INPUT START

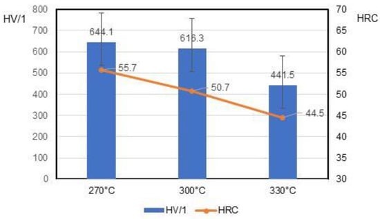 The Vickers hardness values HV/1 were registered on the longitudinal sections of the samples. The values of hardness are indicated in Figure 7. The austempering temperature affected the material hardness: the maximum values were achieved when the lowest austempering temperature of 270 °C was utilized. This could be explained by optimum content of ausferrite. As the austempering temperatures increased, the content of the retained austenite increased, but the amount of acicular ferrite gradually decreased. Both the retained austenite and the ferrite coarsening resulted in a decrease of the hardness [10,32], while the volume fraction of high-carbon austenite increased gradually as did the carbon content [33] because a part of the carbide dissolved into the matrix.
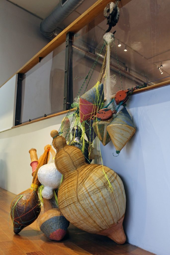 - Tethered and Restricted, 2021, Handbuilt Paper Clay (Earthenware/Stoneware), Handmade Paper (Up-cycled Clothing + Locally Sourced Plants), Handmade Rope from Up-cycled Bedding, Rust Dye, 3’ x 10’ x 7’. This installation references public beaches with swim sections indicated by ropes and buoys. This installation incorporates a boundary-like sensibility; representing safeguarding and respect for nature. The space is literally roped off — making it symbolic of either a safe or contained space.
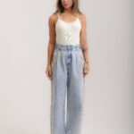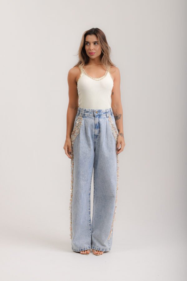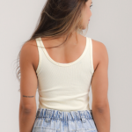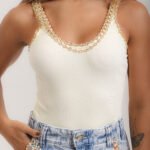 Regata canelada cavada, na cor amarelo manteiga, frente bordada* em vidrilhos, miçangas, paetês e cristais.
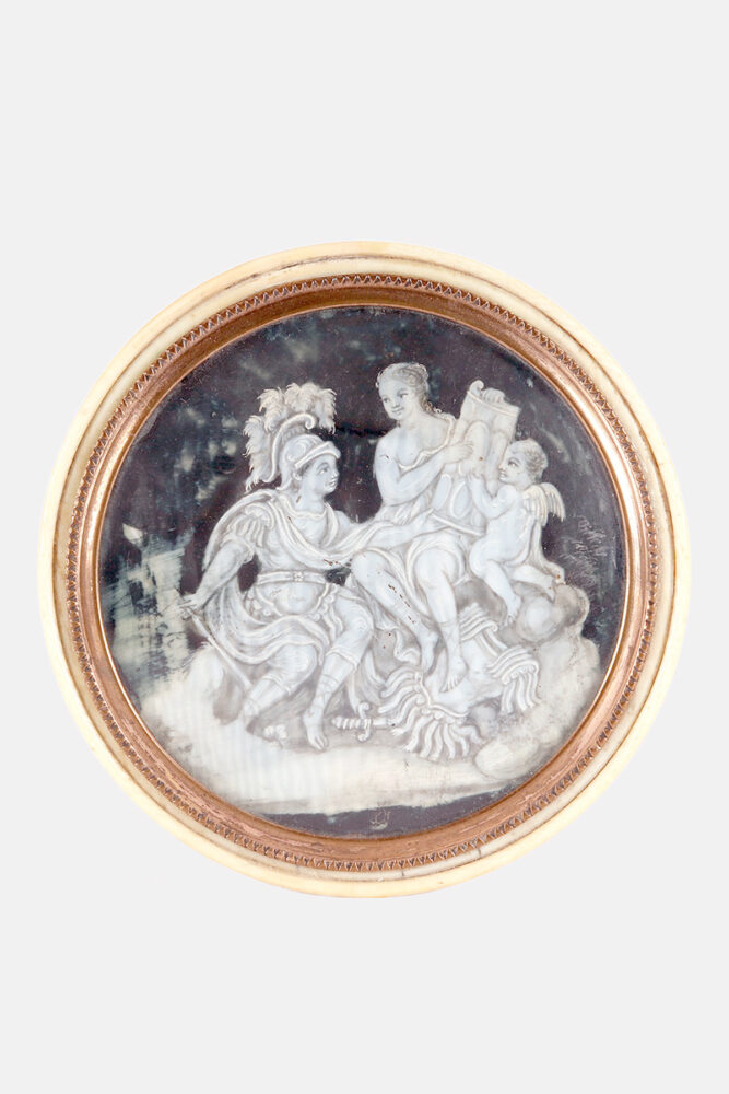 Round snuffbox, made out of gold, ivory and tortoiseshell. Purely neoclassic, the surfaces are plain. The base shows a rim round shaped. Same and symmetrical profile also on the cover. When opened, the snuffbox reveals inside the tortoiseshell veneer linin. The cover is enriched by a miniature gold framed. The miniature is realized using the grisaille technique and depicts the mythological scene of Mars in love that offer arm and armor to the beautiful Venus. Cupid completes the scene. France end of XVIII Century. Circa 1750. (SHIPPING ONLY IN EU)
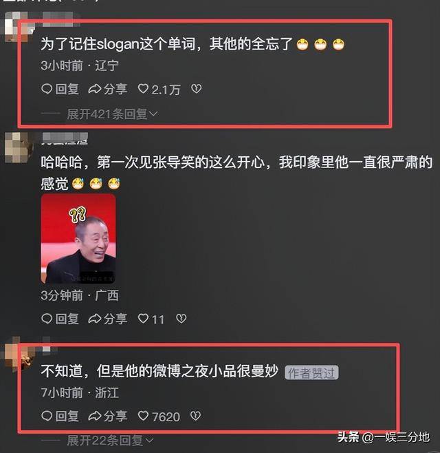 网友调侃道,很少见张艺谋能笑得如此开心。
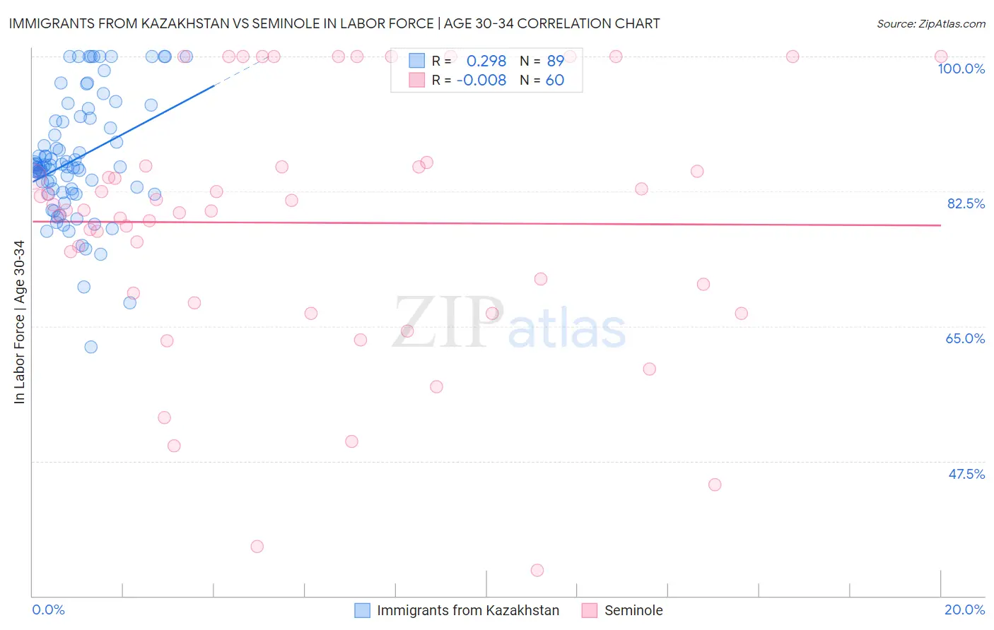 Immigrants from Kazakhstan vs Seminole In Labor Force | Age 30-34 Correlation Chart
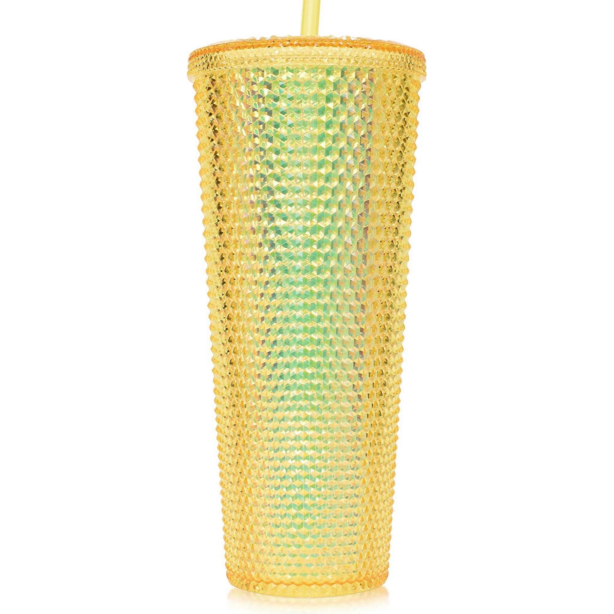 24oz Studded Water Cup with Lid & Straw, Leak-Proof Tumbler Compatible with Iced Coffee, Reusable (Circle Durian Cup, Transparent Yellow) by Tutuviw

INPUT END
INPUT START

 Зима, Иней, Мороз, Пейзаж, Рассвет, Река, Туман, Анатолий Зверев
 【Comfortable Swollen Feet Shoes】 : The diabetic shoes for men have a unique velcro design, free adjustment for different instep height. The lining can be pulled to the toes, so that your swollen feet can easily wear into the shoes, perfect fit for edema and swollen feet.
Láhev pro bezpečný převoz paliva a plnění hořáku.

INPUT END

Only the lines above starting with the one with "Зима, Иней, Мороз, Пейзаж, Рассвет, Река, Туман, Анатолий" and going through the one with "Láhev pro bezpečný" are to be copied, word for word and with both ends kept.

- _WRITTEN SOLUTION_
 Зима, Иней, Мороз, Пейзаж, Рассвет, Река, Туман, Анатолий Зверев
 【Comfortable Swollen Feet Shoes】 : The diabetic shoes for men have a unique velcro design, free adjustment for different instep height. The lining can be pulled to the toes, so that your swollen feet can easily wear into the shoes, perfect fit for edema and swollen feet.
Láhev pro bezpečný převoz paliva a plnění hořáku.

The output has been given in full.